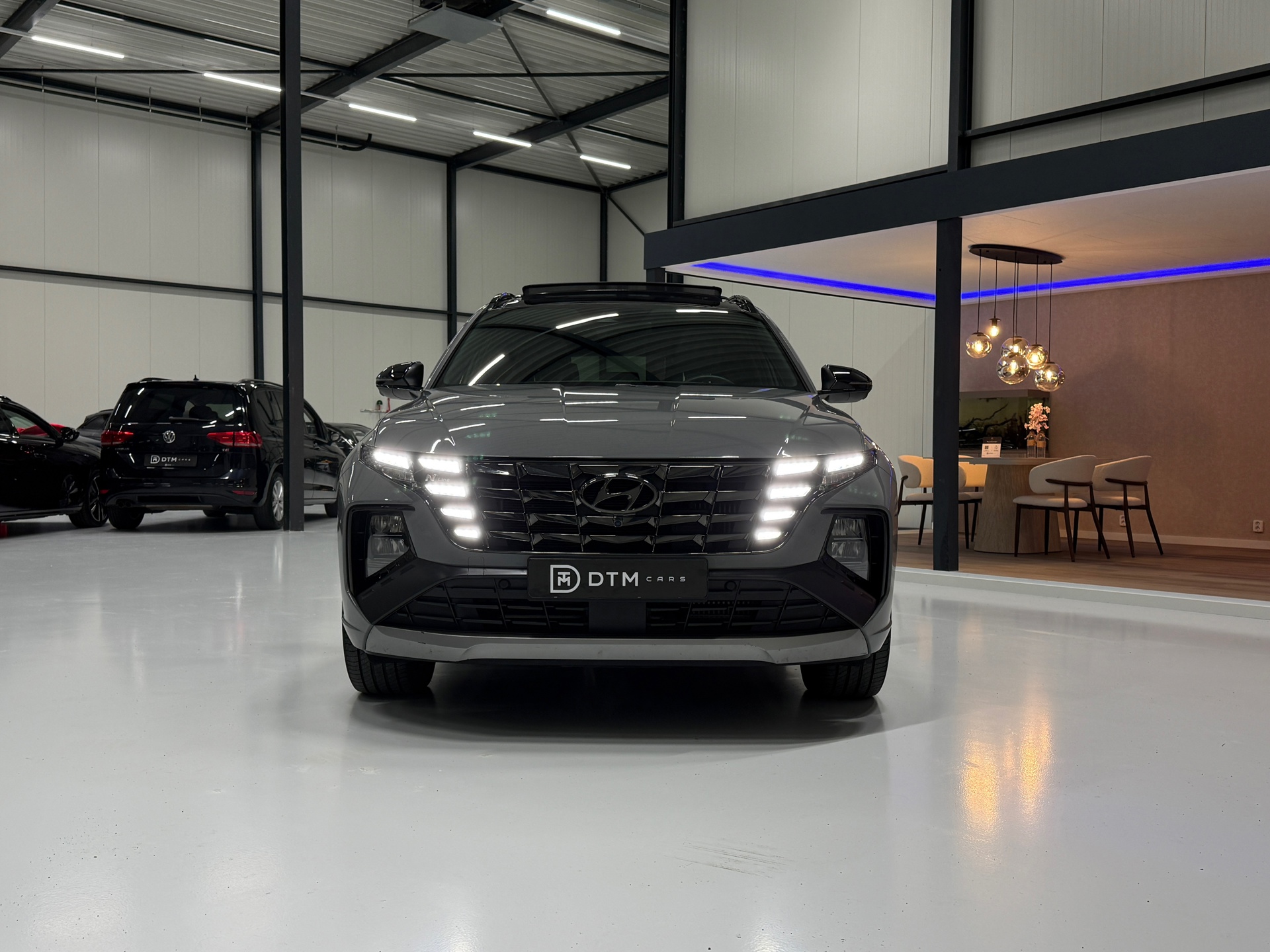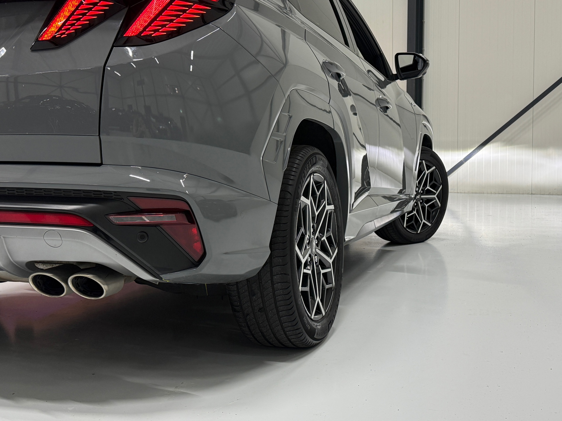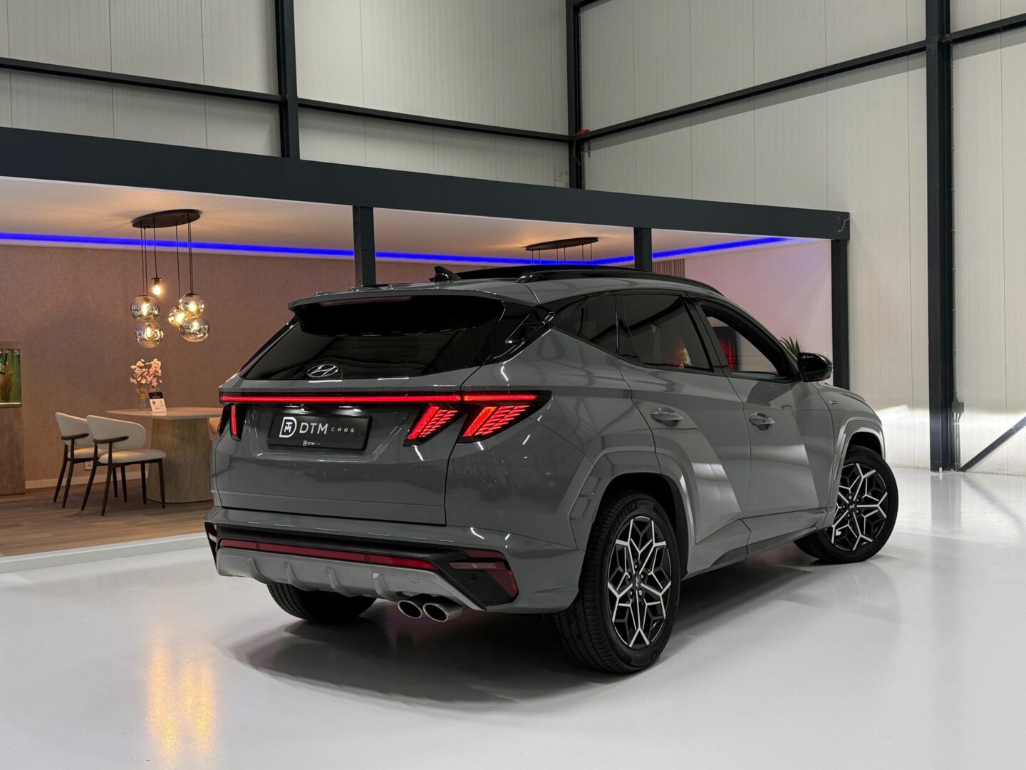 De N Line uitvoering geeft de Tucson een sportieve uitstraling met 19-inch lichtmetalen velgen, Alcantara/leder interieur met rode accenten en het stijlvolle Black pakket. Comfort en luxe staan centraal met elektrisch verstelbare stoelen voor bestuurder en passagier, inclusief geheugenfunctie, stoelverwarming en ventilatie, een panoramisch dak en rolgordijn achter.
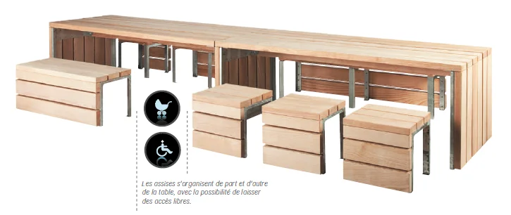 La Table de la rue s'allonge à l'infini grâce à son système modulaire : un module initial de 2 mètres de long, à compléter par des rallonges de 2 mètres, sans limite. Les assises se disposent librement autour et favorisent l'accessibilité.
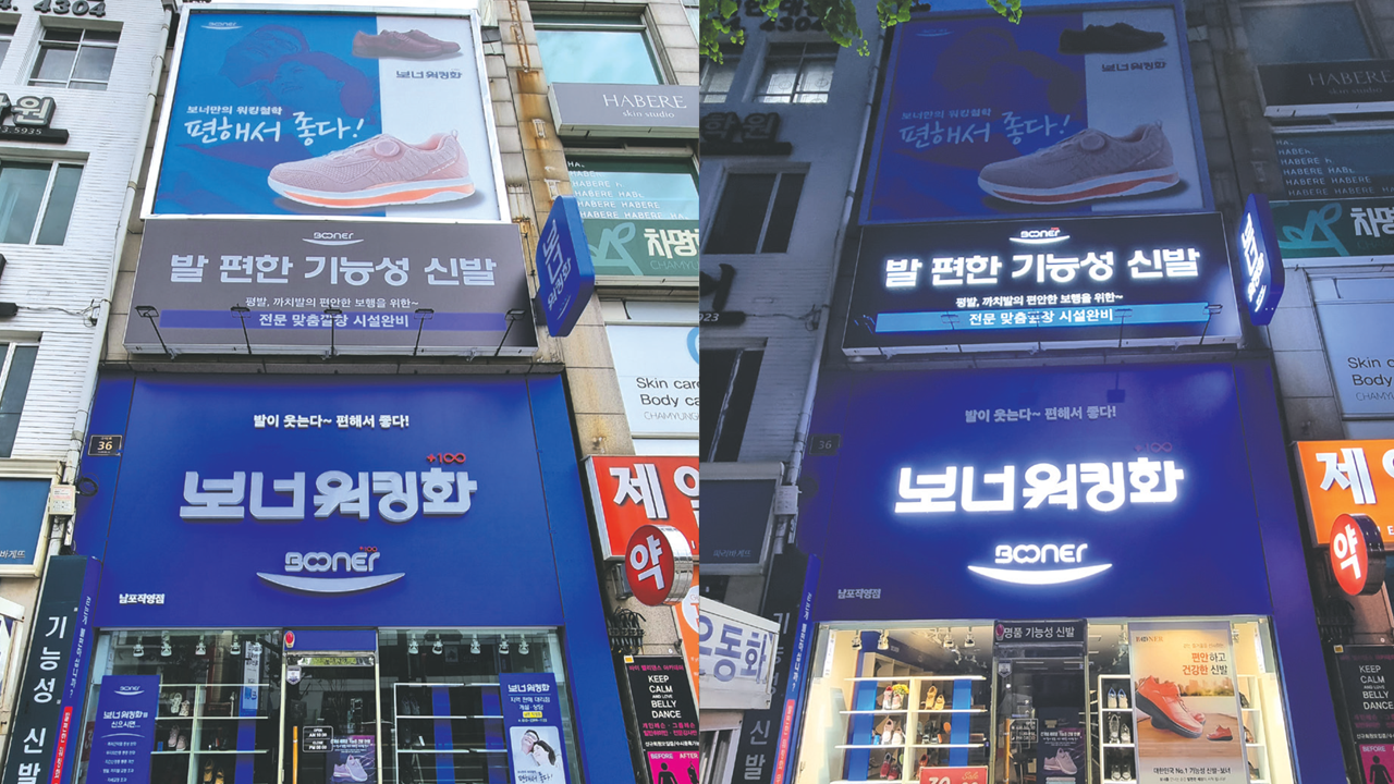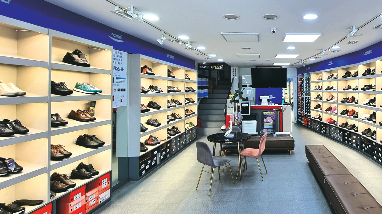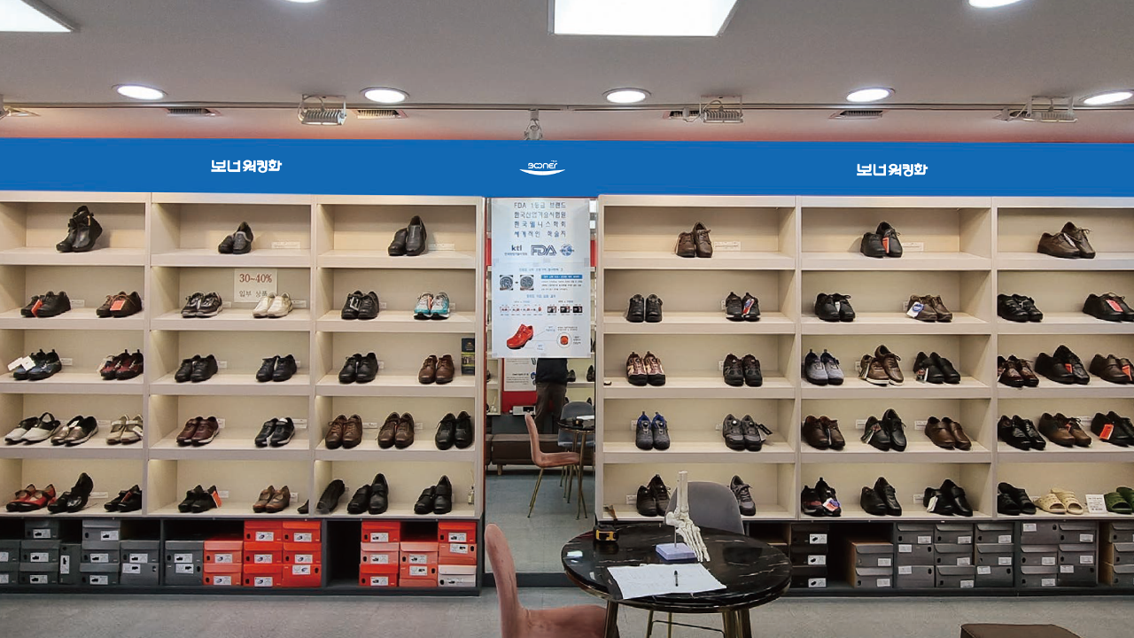 신발 밑창의 모습으로 편안함을 강조하고 사람의 웃는 모습과도 같은 브랜드 아이덴티티를 간직한 보너워킹화만의 인테리어를 만나볼 수 있습니다.
^^^^^^^^
**Task goal**
Would you copy all the material exactly, dropping the pictures?

**Answer to the problem**
 De N Line uitvoering geeft de Tucson een sportieve uitstraling met 19-inch lichtmetalen velgen, Alcantara/leder interieur met rode accenten en het stijlvolle Black pakket. Comfort en luxe staan centraal met elektrisch verstelbare stoelen voor bestuurder en passagier, inclusief geheugenfunctie, stoelverwarming en ventilatie, een panoramisch dak en rolgordijn achter.
 La Table de la rue s'allonge à l'infini grâce à son système modulaire : un module initial de 2 mètres de long, à compléter par des rallonges de 2 mètres, sans limite. Les assises se disposent librement autour et favorisent l'accessibilité.
 신발 밑창의 모습으로 편안함을 강조하고 사람의 웃는 모습과도 같은 브랜드 아이덴티티를 간직한 보너워킹화만의 인테리어를 만나볼 수 있습니다.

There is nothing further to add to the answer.